4. CRM for proactive strategic management
Whether it’s about entering a geographic market, launching a product, or surviving competition, CRM enables the executives to detect problems early, before a company loses money and customers. Changes in lead generation and their pipeline movement, a slowdown in loyal customers’ response – these are signs to launch a dynamic in-CRM analysis to find out the reasons for dwindling results (maybe, those are trends in the market or industry, or a competitor’s predatory pricing?). With custom dashboards tailored to executive roles, CEO, CFO, CMO, VP of Marketing, or VP of Sales will be able to monitor key indicators they need so as to make more informed decisions.
5. CRM for increasing profitability
In-CRM customer data analysis lets a company know more about their most lucrative customers so as to maintain relationships with them. Monitoring of the high-LTV customers’ purchase history and responses to sales and marketing activities will help to timely react to negative signs and as a result better retain such key customers.
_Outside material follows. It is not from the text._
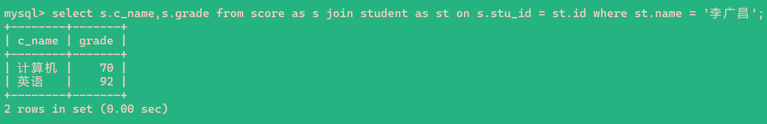 mysql> select s.c_name,s.grade from score as s join student as st on s.stu_id = st.id where st.name = '李广昌';

Company executives (CEO and CFO), in their turn, can use CRM data to forecast revenue and manage profitability. Broader goals for increasing revenue and decreasing costs can be split into smaller ones and monitored in the CRM system. For example, to increase cash inflow, a company can set cross-selling and upselling targets. At the sales agents’ level, best practices visible for weaker performers in a CRM will let them convert more leads, while automated nurturing notifications will save all sales agents’ time, allow processing of more leads per quarter, and as a result raise returns on the employment costs.
Advanced CRM as the next step
This article by no means disregards the benefits of a sales-oriented CRM tool. Its initial mission will remain, no matter how many years will pass. Still, today CRM consultants advise to look at the CRM software from a wider perspective and use its data for a company’s strategic development. We think this is the next maturity level of CRM adoption, do you? Feel free to share your thoughts in the comment feed.